WHAT IS REQUIRED ->
Only the lines from the start of the entries through the line with "Black and white" should be returned, each exactly as it stands, and no pictures.
====== EXERCISE MATERIAL
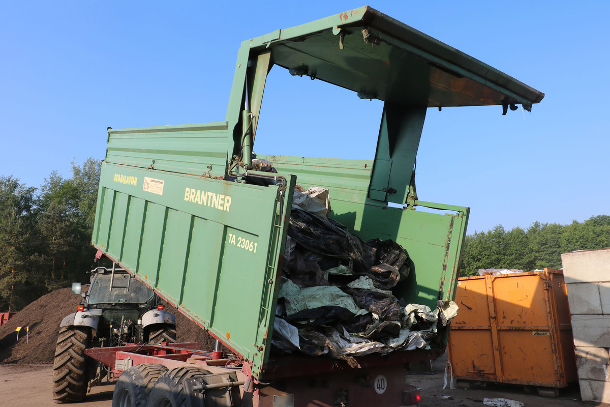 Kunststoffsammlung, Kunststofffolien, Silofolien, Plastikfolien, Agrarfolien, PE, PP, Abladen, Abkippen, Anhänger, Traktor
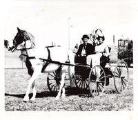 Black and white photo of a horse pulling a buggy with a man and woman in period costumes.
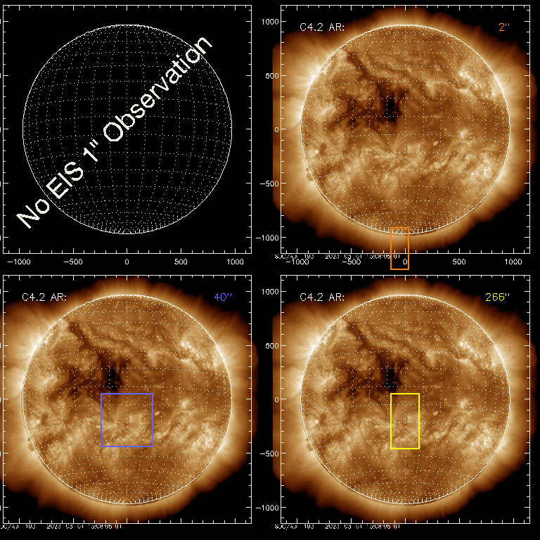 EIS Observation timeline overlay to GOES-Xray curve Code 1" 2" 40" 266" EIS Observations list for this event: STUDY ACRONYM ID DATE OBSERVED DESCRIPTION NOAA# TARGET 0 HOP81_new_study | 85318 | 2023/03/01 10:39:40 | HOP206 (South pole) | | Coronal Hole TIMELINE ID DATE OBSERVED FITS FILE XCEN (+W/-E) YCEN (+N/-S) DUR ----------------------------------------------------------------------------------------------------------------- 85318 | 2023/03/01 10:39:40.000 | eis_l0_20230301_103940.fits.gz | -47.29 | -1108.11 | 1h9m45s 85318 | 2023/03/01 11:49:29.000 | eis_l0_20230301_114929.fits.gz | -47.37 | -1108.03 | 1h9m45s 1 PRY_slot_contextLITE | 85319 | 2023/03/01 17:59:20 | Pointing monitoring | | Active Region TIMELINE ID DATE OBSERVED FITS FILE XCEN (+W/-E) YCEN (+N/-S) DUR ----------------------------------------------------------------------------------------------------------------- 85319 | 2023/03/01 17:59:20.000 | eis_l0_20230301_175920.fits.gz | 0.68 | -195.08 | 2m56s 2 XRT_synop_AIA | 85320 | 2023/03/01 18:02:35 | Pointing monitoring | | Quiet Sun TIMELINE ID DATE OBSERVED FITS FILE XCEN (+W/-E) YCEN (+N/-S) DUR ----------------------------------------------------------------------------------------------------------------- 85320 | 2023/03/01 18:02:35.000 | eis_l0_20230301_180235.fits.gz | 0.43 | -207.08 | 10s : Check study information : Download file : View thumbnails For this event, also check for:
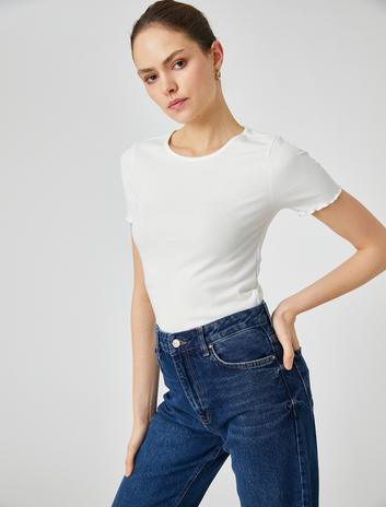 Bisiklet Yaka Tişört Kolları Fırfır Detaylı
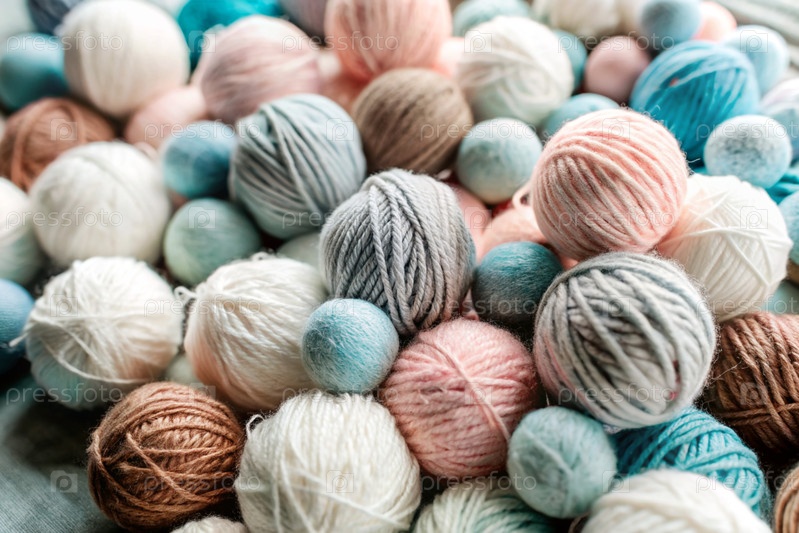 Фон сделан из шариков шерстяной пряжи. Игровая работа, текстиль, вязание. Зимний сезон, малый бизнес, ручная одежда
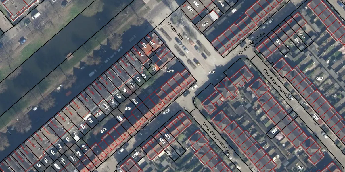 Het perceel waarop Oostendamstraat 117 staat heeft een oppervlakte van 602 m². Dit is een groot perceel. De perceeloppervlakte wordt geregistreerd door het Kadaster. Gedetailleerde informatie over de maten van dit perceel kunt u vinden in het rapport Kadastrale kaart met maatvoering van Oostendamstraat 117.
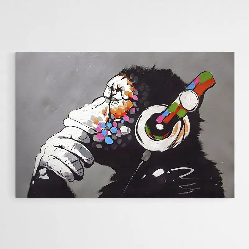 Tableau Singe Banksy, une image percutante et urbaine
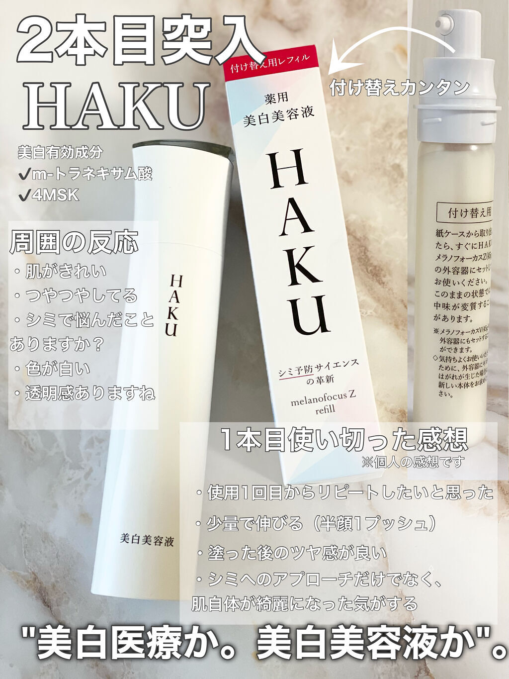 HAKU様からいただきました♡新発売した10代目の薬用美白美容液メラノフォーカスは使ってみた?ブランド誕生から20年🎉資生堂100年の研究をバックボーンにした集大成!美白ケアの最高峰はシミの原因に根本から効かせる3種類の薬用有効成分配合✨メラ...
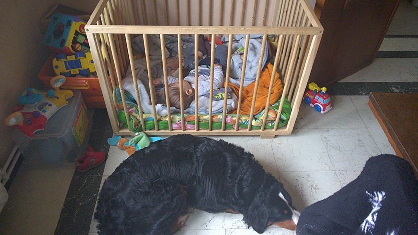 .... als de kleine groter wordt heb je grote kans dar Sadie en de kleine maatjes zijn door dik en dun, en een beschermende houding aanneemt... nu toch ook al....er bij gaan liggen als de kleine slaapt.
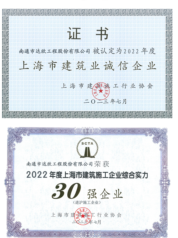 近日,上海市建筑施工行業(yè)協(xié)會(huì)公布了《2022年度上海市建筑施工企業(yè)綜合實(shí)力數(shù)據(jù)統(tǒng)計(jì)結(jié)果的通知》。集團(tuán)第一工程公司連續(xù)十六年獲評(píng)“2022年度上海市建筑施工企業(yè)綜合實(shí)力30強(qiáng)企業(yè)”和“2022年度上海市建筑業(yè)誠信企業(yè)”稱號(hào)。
============
RESULT OF THE TASK ->
 Kunststoffsammlung, Kunststofffolien, Silofolien, Plastikfolien, Agrarfolien, PE, PP, Abladen, Abkippen, Anhänger, Traktor
 Black and white photo of a horse pulling a buggy with a man and woman in period costumes.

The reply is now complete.